Digital Sovereignty: The Emperor Has Clothes, But They Cannot Be Washed
March 6, 2026
8 min read
March 6, 2026
8 min read
By Tom Olisangers
Presales Manager, EMEA & APAC in Enterprise Sales ROW at Origina
It is becoming painfully clear, we in the IT industry have accepted a new reality where our ability to operate is increasingly dictated by the very companies that sold us the equipment. Without realising it, we are told when to upgrade, what to patch, and how much to pay, year after year. This dependency undermines the very foundation of digital sovereignty.
A well-functioning secondary market is an absolute necessity for any organization serious about taking back control of its digital destiny.
The longer I work in the domain of independent software support, the more I recognize that a secondary market is a critical necessity for any true digital sovereignty. I see daily how companies are trapped in their efforts by being completely locked into a technology:
The growth in the independent support market shows that more and more companies come to that realisation.
Let’s step outside of IT for a moment. If you buy a new car, you’ll likely have it serviced at the manufacturer’s garage for the first few years, perhaps under a warranty or an all-inclusive insurance plan. But as the car’s value decreases over time, you right-size your insurance and find a trusted, independent garage. This new mechanic offers the right level of service for your needs and helps reduce your maintenance costs. This is perfectly normal, sensible behavior.

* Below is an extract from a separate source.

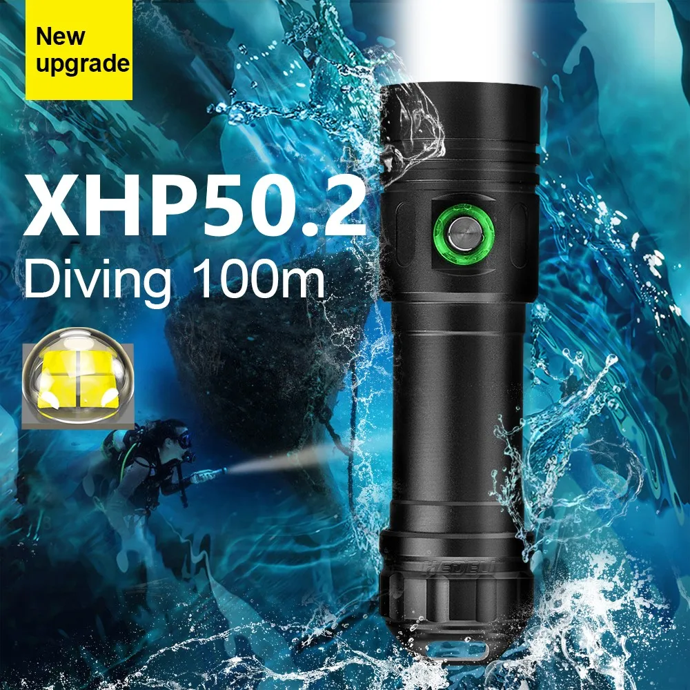 Светодиодный фонарик XHP50.2, мощный профессиональный фонарик для дайвинга, 18650 перезаряжаемые подводные лампы, IPX8 водонепроницаемый фонафонарь для дайвинга

Yet, in the IT world, this logic is abandoned. Most people believe that maintenance can only be done by the vendor itself. And this belief persists even as maintenance costs rise year after year, and not by a small margin. The double-digit growth reported by companies on the stock market is largely fueled by this ever-increasing stream of maintenance revenue. It’s the lifeblood of their business.

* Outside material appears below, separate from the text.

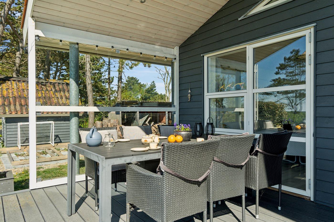 De vakantiewoning is gelegen op een 2059 m² groot natuural grond. Afstand tot de zee 50 m. Dichtstbijzijnde winkel 5000 m. Bij de vakantiewoning hoort terras. Daarnaast is er een overdekt terras. Schommel. Zandbak. Trampoline. Barbecue. Parkeerplaats bij het huis.

The business model of a software company is starkly different from that of an independent support company. At an independent provider, the majority of revenue is reinvested into the company itself to provide a better support experience for end-users. For a software vendor, however, most of the revenue from stable, mature software, their “cash cows”, is reinvested into developing entirely new products, not the ones you are paying maintenance for.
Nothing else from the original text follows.